Think about Cargo cults of the Pacific, they are quasi-religious, but don't promise eternal happiness. Just lots of goodies in the present.
Or the election deniers, all this time after the 2020 election which happened nearly 2 years ago now. More than 60 court cases, legislatures setting up investigations -- and yet nobody has produced anything even remotely approaching evidence of fraud that could have accomplished what they claim. Yet the continue to claim it. Why?
What does QAnon believe? The core QAnon theory is that a cabal of Satanic, cannibalistic sexual abusers of children operating a global child sex trafficking ring conspired against former U.S. President Donald Trump during his term in office. Also that while in office, Trump and his team were secretly fighting the cabal. QAnon was actually an offshoot of Pizzagate, which believed that high-profile Democrats were sexually abusing children at a pizza shop in Washington. One believe even staged an armed raid on the shop.

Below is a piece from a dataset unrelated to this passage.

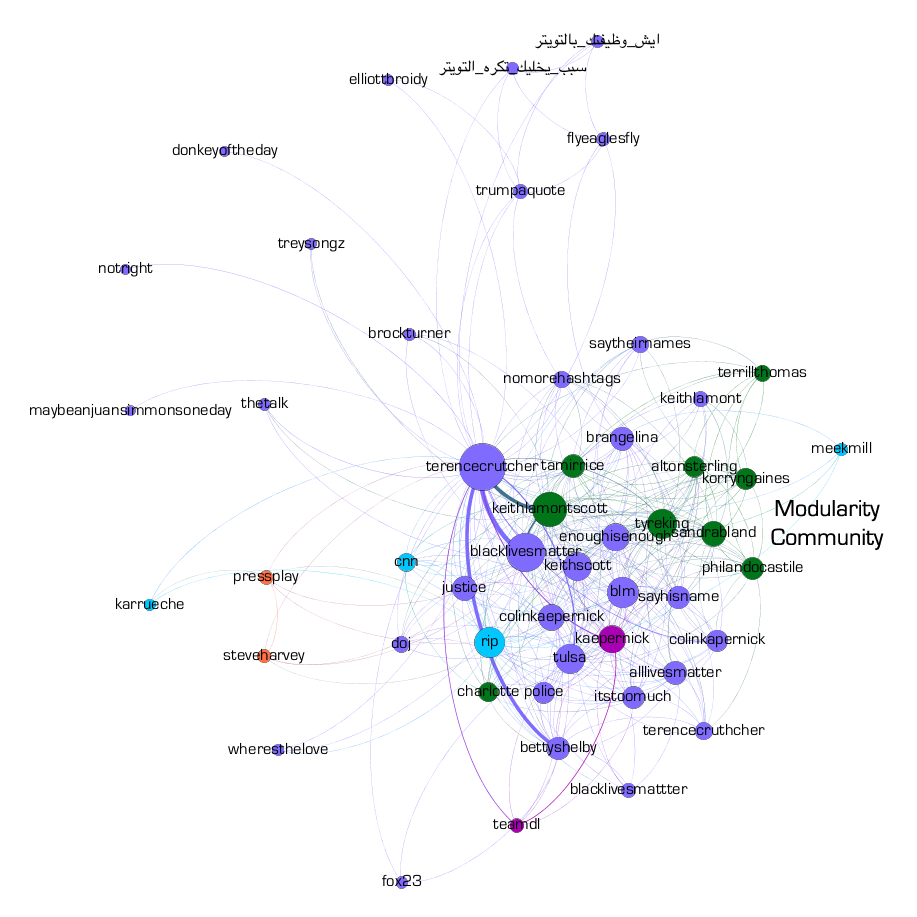 In Figure 7, the larger hashtags are all related to the deaths of Black men by police officers, as well as groups and individuals associated with efforts to bring those deaths to light and provide justice for the familes of the victims. The green modularity community on the right side of the map is significant because it is comprised of the names of Black men who were killed by police officers. Their grouping suggests that users are directly associating the death of Terence Crutcher with the deaths of the other Black men. We would need to investigate the tweets in further detail to see just how the users are associating the individuals and, perhaps, if they are employing any activists methods to help further their cause. There are also some unexpected hashtags, such as #donkeyoftheday, #treysongz, and #pressplay, that should be investigated to see how and why they are being used in the same tweets as #terencecrutcher.

But, surely, any thinking person would realize that if so many children were being abused by Democrats -- there would be children who, as with various churches, stood up and said, "I was abused -- the Senator (or the priest) did things to me that he shouldn't have." Where are they?
I can understand, to a degree, supernatural beliefs for what one does not know how to explain naturally (which is why, by the way, such beliefs tend to fall off with higher STEM education). Since there are humans, I can sort of understand why many might accept the idea of the creation of Adam and Eve, or other such myths.
But for beliefs such as the above, a person with an IQ larger than their neck size should be able to see that no evidence at all, no matter how diligent the search, is very likely to mean that the belief is not well-founded.